Last summer, State Department spokesman Ned Price had also warned that Poland, as a NATO partner, is a country obliged to demonstrate and commit to democratic principles, but the nationalist party in the Government Law and Justice (PiS), with an absolute majority since 2015, had set itself the objective of reducing the influence of foreign media in the country and has reacted only after the last pressures. White House sources have confirmed that the United States Trade Delegate in Warsaw, Bix Aliu, had personally asked Duda to veto the rule. “We hope that President Duda will act on his previous statements and use his leadership to protect freedom of expression and business in his country,” Aliu said.

‘I refuse to sign the amendment on radio and television and return it to Parliament for further consideration. This means that I am vetoing it, “explained President Duda, in a televised statement to the nation, about his veto of the new law, which, once approved, would prevent companies outside the European Economic Union from having a majority stake in the Polish media. “The people I have spoken to are concerned about the situation, they have different arguments. They have spoken to me of peace and tranquility … we do not need a new conflict, a new problem. We already have many, “the president justified his decision.

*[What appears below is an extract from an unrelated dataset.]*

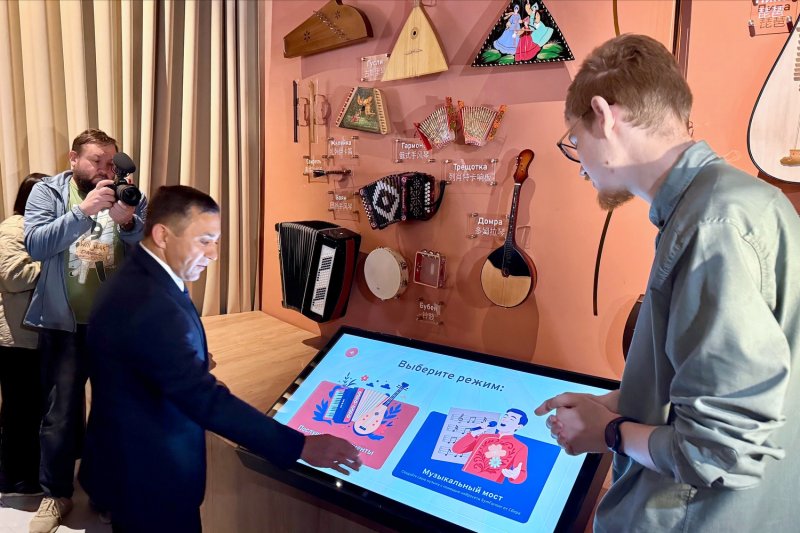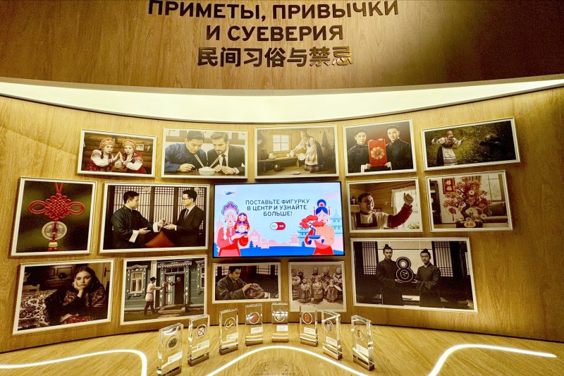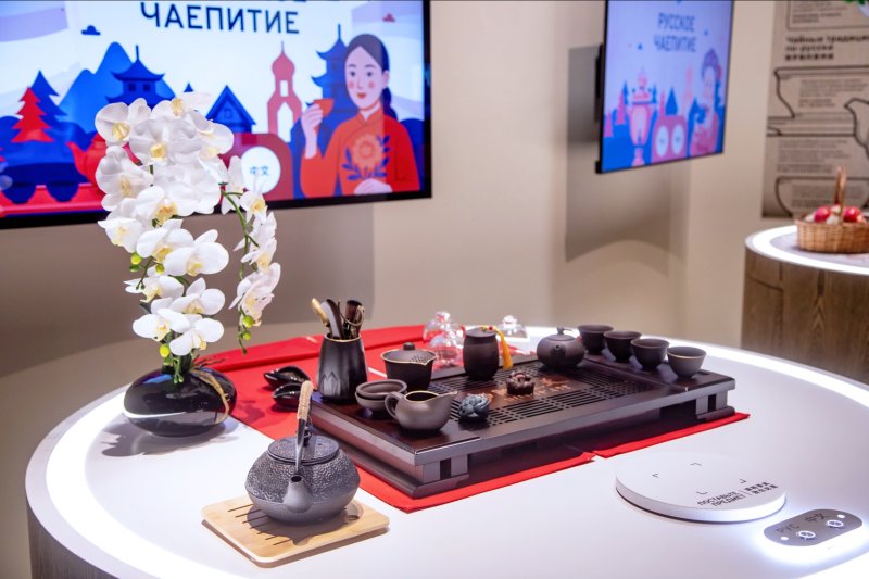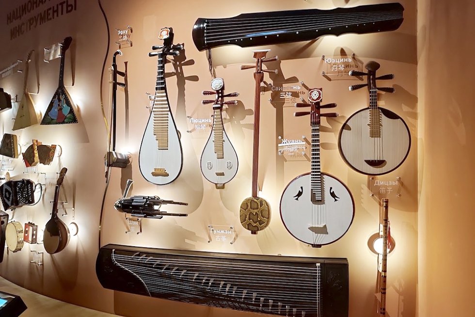 穿过大厅,在第一展厅,参观者可以了解俄语和汉语这两种语言的历史、现状,及彼此间的差异。随后的展览,包含实体展品和虚拟展品。神经网络技术也为博物馆工作人员提供了帮助,例如在展示两国乐器的展厅里,它不仅能让游客听到巴拉莱卡琴或笛子的声音,还能帮助游客创作自己的音乐。

Following the veto of Duda, the former Polish Prime Minister and former President of the European Council, Donald Tusk, which heads the opposition Civic Platform party, argued that the veto shows that “applying pressure makes sense.”

Aggression on Ukraine

In parallel to these reactions, the Secretary of State of the United States, Antony Blinken, assured yesterday to the Polish Foreign Minister Zbigniew Rau, that Russia will face “serious consequences” in the event of an aggression against Ukraine. In a telephone call made late on December 28 and at the request of the US Administration, according to the Polish Foreign Ministry, “the heads of Polish and US diplomats discussed the current security situation in Europe, including the escalation of actions by the Russian Federation against Ukraine, as well as the hybrid attack by Belarus on the border with Poland. “Secretary Blinken reiterated President Biden’s words about the strong reaction of the United States. And its allies in the event of an aggression against sovereignty and territorial integrity, “the statement insists.

Poland, on the other hand, is about to hold the rotating chairmanship of the OSCE, platform on which the dialogue between Russia and the United States will take place during the next semester.